A properly working charging system puts out about 13.2 to 15.0 volts, but this is a general spec, and the factory service manual should be referenced for the correct charging system voltage specifications for a particular vehicle. A battery should have a static charge of 12.2-12.6 volts. If a battery is not good, the charging system may not be able to charge properly. If a vehicle is not charging properly and the battery is good, the first thing to do is to turn the ignition switch to the "ON" position without starting the engine and make sure the charging system warning light is operating. If the bulb is burnt out, the charging system will not charge. If the bulb is OK but still does not illuminate, the circuit must be tested.
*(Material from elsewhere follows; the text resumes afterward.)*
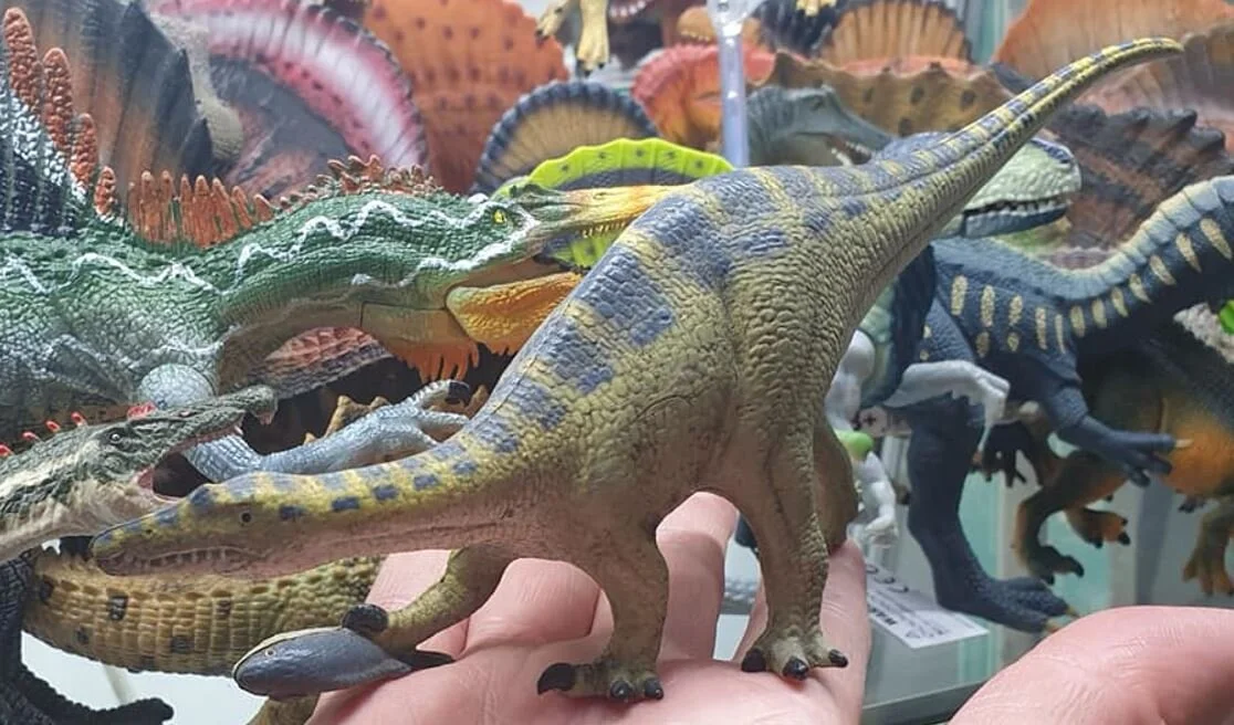 Caption: the notion of the quadrupedal Baryonyx has mostly died out today, since we now know that the robust upper arm bones of baryonychines and other spinosaurids likely weren’t used in weight support. I don’t know what role Angela Milner had in the look of the Invicta Baryonyx figure - shown here - but its quadrupedal pose might be a holdover from the view Charig and Milner favoured during the mid-1980s. Image: Darren Naish.

If the warning lamp does illuminate, then the next thing to check is to make sure the circuit between the battery positive post (+), or fusible link, to the connection in back of the alternator is good. On Nissans, this will be a thick (approx. 10 gauge) white wire to the "BAT" post on the back of the alternator. With the negative cable (-) disconnected from the battery, measure the resistance between the "BAT" post on the back of the alternator and the battery positive (+) post; the resistance should not be greater then 0.2 Ohms. It's not uncommon for this wire to get corroded and burn up, creating resistance in the circuit. So, before assuming an alternator is bad, make sure this circuit is good and battery voltage is getting to the alternator. It's also important to make sure the alternator belt is tight and not slipping and the battery connections are clean and tight.

Assuming the charging system voltage is ok and the battery is good, the next thing to do would be to have a parasitic draw test performed; there should not be more than a 50 milliamp draw on the system with the ignition switch in the "OFF" position. If there is a higher draw, you need to do some testing to find out where the draw is coming from. Remove fuses one at a time until the draw goes away or falls into acceptable range.

The later-model cars have adopted what Nissan calls “power generation voltage variable controls.” This system monitors battery current and varies voltage to the regulator, reducing the load on the engine and resulting in better gas mileage. By varying the voltage to the alternator, engine load due to power generation of the alternator is reduced and fuel consumption is decreased. The battery current sensor is installed on the battery cable at the negative terminal. The battery current sensor detects the charging/discharging current of the battery and sends a voltage signal to the ECM according to the current value detected.

Also, it is NOT a good idea to disconnect a battery cable on a computer controlled vehicle while running to test the alternator. This is a good way to damage an ECM. When a charging system is not charging, or overcharging, a lot of "strange" things can occur. It's not uncommon to see a multiple of stored trouble codes in the ECM memory. So, whenever a car is setting a multiple of trouble codes, idling funny or stalling, or anything out of the "norm," test the charging system before you start pulling hairs!

When replacing electrical components such as alternators, starters and distributors, fuel injectors and sensors, always replace with new or reman'd Nissan OEM components; aftermarket components generally don't last long, don't work right and many times are DOA.


----------